This report details the result of shifting an in-person prototyping and fabrication class to fully online, mid-semester, in the face of the COVID pandemic. During any normal semester, in this class students work individually and in pairs to gain proficiency on tools and processes in the university design prototyping space. Students learn the following: hand/power tools, sewing, 2D drawing, laser cutting, water jet cutting, plasma cutting, 3D printing, CNC machining, and molding/casting. Homework products are the result of practicing those tools or skills to produce a physical artifact, like a CNC machined piece, or a laser cut box. Instruction in this course is two-pronged, first to teach the students to be competent operators of the tool, and second to help them to exercise technique or skill in the usage of that skill to produce these artifacts. The learning outcomes of the course follow this instruction and state that the students should gain functional proficiency. Therefore the CNC machined piece should be produced with the correct settings and post-processed accordingly, and the laser cut box should have finger joints that fit together tightly with the correct tolerances.
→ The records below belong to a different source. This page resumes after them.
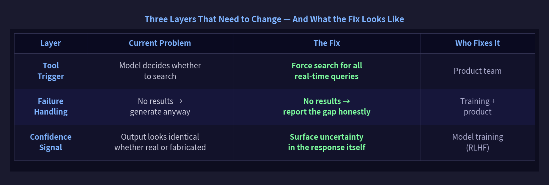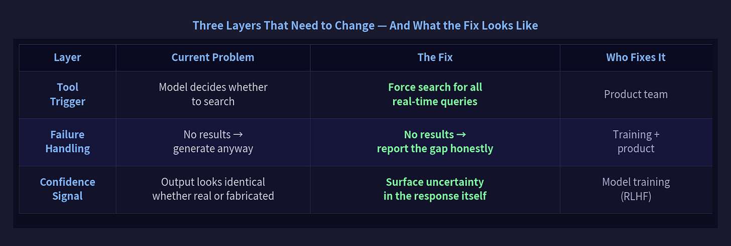 The failure handling fix requires training-level changes. The model needs to learn that “I searched and found nothing” is better than fabricating results. That’s a matter of what behaviors get rewarded in RLHF.
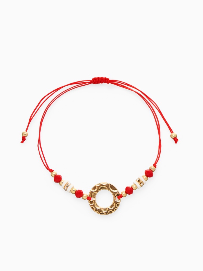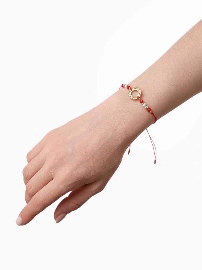 Погрузитесь в мир стиля и защиты с удивительным браслетом, который станет вашим личным оберегом. Этот аксессуар с красной нитью и бело-красным кольцом в золотой отделке не только привносит яркие акценты в ваш образ, но и символизирует защиту от негативных энергий, наполняя вашу жизнь положительными эмоциями.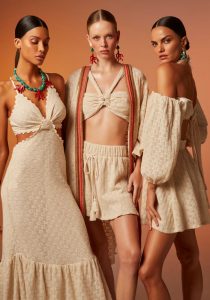 A coleção contempla tops, bottoms, one pieces e overtops também. Barbatanas e estruturas de corselet desenham as curvas femininas em bases de alfaiataria. Recortes estratégicos e micro comprimentos também são pontos fortes para as novas peças. Os acessórios ficam por conta do bag & shoes que completam o catálogo de produtos da marca.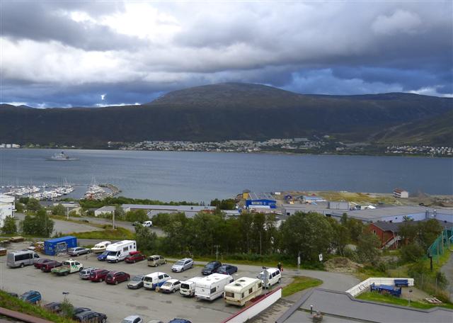 Bei überwiegend bewölktem Himmel und gelegentlichem leichten Regen fahren wir unserem Ziel entgegen, nutzen die in der Überschrift genannten Fähren, durchqueren Tromsö - und stehen im STAU! Wir sind in der Großstadt Tromsö - was nach den letzten Wochen in Wildnis und kleinen Orten eh schon ein Kulturschock ist. Am Freitagnachmittag gegen 17 Uhr wollen himmlische Heerscharen über die Kvaløysund-Brücke nach Westen und so stehen wir schon vor Erreichen des Flugplatzes im Stau und nur langsam geht es voran. Erst nach Überqueren der Brücke verteilen sich die Fahrzeuge nach Norden, Süden und in die Wohngebiete am Ostrand von Kvaløy.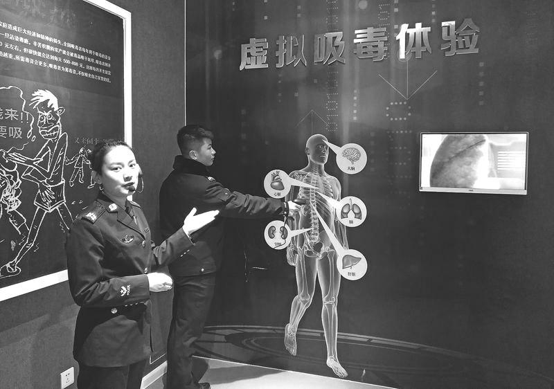 在榆林市禁毒教育基地展厅,人们可通过虚拟吸毒体验,看到人体器官吸毒后的变化和损伤。
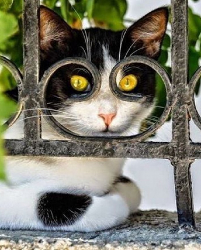 Deze foto bewijst dat een poes via het hekwerk een oogje in 't zeil kan houden . Zij weet de open ruimten daarin optimaal te benutten : haar ogen passen in de krullen en daardoor lijkt het alsof ze een bril draagt wat erg komisch is . Haar gele oogjes stralen licht uit : opgelet dus !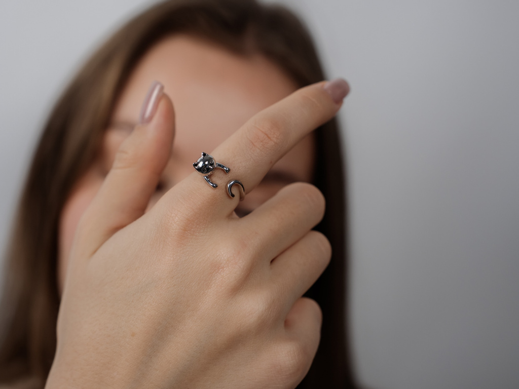 KOČKA STŘÍBRNÝ PRSTEN - NASTAVITELNÁ VELIKOST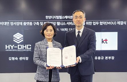 KT는 18일 한양대 디지털헬스케어센터와 비대면 정신건강 플랫폼 구축 및 웰니스 서비스 협력을 위한 업무협약(MOU)을 체결했다. 업무협약식에 참석한 유용규(오른쪽) KT 전략신사업기획본부장(상무)과 김형숙 한양대 디지털헬스케어센터장(심리뇌과학과 교수). [KT 제공] |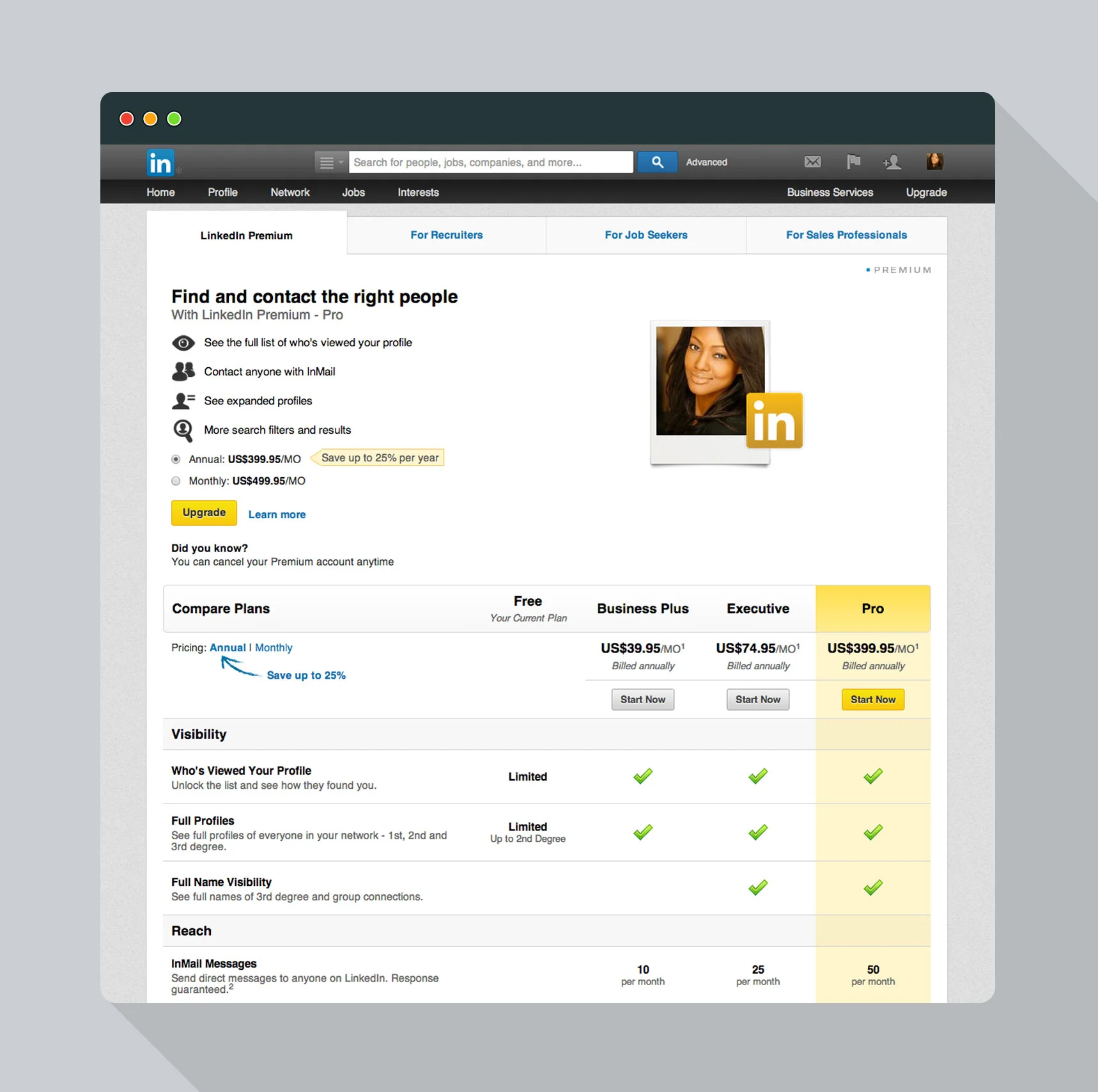 LinkedIn has one of the most complicated Premium business models in the industry. It has 4 different families of Premium packages (Professional, Job Seeker, Recruiter, Sales) with multiple subscriptions for each family, making it a total of 15 types of subscriptions available to our members.

In the spring, when classes moved online, this course was challenged to execute a hard pivot to meet learning outcomes while students were no longer in person. Typically, classes that have a physical making component have struggled to offer alternatives to those assignments when classes are delivered without the use of an in-person makerspace. We shifted our homework deliverables to accommodate the new normal of online education only by leaning on the many digital tools that are available to students. The students designed work and it was then produced by the instructor and tested based on a criterion set for the homework. The best example of this transition was in the conversion of the laser cutter assignment from the traditional “produce a laser cut box” to “produce a laser cut PPE mask.” Student versions were designed using 2D design tools and then cut with the laser cutter by the instructor. The resulting face shields were assembled (or attempted to be) and feedback was given to students who then revised the design for another round. The results of this study highlight how the shift of assignments from the late-process stage of making to the early-process stage of designing can conserve learning outcomes for students even when instruction is in a virtual environment and not in the native environment of the physical makerspace.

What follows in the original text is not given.